Write exactly the lines running from the start of the material below to the line that includes "La Badia di", and include no pictures.

◆ **Information shown**
◇ ◇ ◇

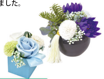
シャボンフラワー 弔電とセットで販売・提案「プラスワン商品」
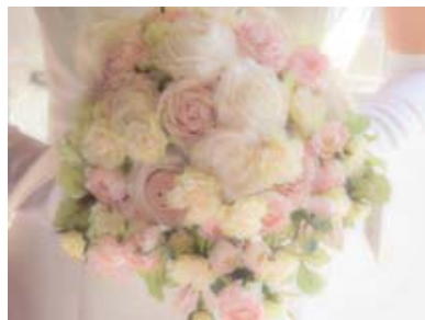
↑ウェディング 静止画／動画
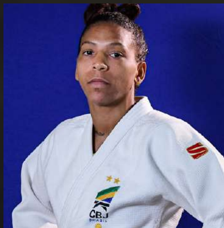
RAFAELA SILVA LEVE (-57KG)
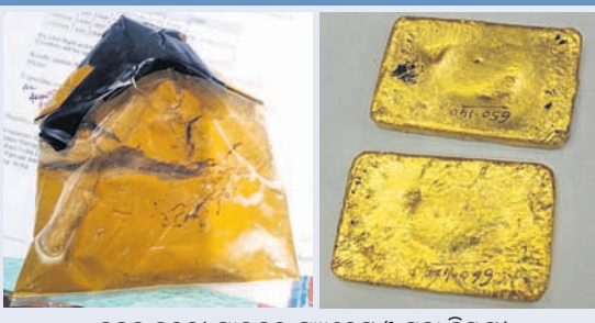
ଜବତ ହେଲା ପାଉଡର ପ୍ୟାକେଟ ଓ ସୁନା ବିଷ୍ଣୁଟ।
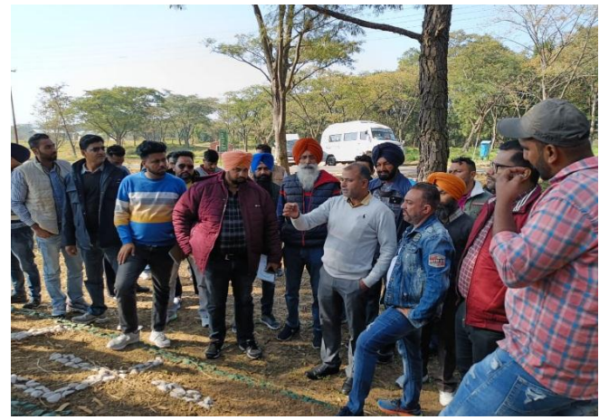
Farmers from Mansa, Punjab's visit ( 25<sup>th</sup> November 2021)
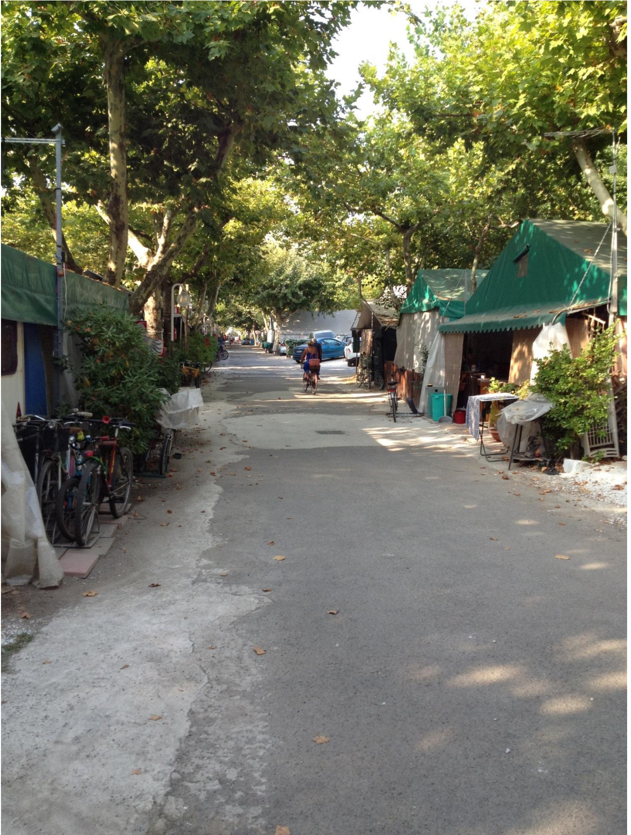
23/09/12 Marina di Massa .... Il lungo viale che attraversa il camping "Città di Massa"
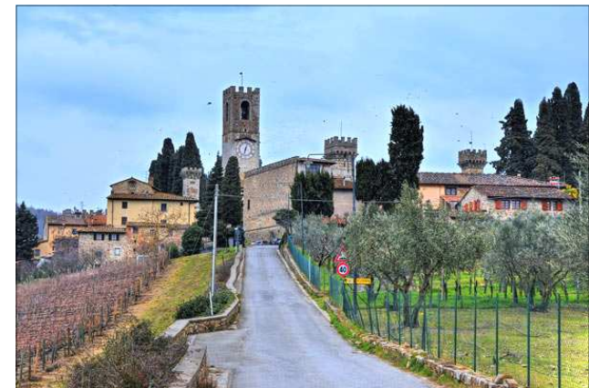
La Badia di Passignano, meta della nostra uscita di novembre

Informazioni, programmi, attività, a cura del Movimento Adulti Scouts Cattolici Pratesi - Piazza Mercatale 149, Prato - Stampato in proprio www.masciprato.com
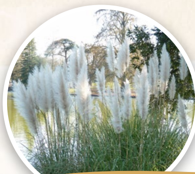
Herbe de la pampa ( Cortaderia selloana )

Comment l'éradiquer : Ses racines profondes nécessitent parfois l'utilisation d'outils spécifiques comme le baccharache, voire le cheval de trait. Arracher avant floraison, laisser le bois sécher puis envoyer en déchetterie ou en centre d'incinération
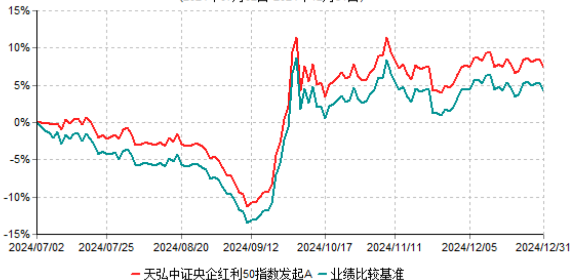
天弘中证央企红利50指数发起A累计净值增长率与业绩比较基准收益率历史走势对比图 (2024年07月02日-2024年12月31日)

◇ ◇ ◇

◆ **Response to this exercise**
シャボンフラワー 弔電とセットで販売・提案「プラスワン商品」
↑ウェディング 静止画／動画
RAFAELA SILVA LEVE (-57KG)
ଜବତ ହେଲା ପାଉଡର ପ୍ୟାକେଟ ଓ ସୁନା ବିଷ୍ଣୁଟ।
Farmers from Mansa, Punjab's visit ( 25<sup>th</sup> November 2021)
23/09/12 Marina di Massa .... Il lungo viale che attraversa il camping "Città di Massa"
La Badia di Passignano, meta della nostra uscita di novembre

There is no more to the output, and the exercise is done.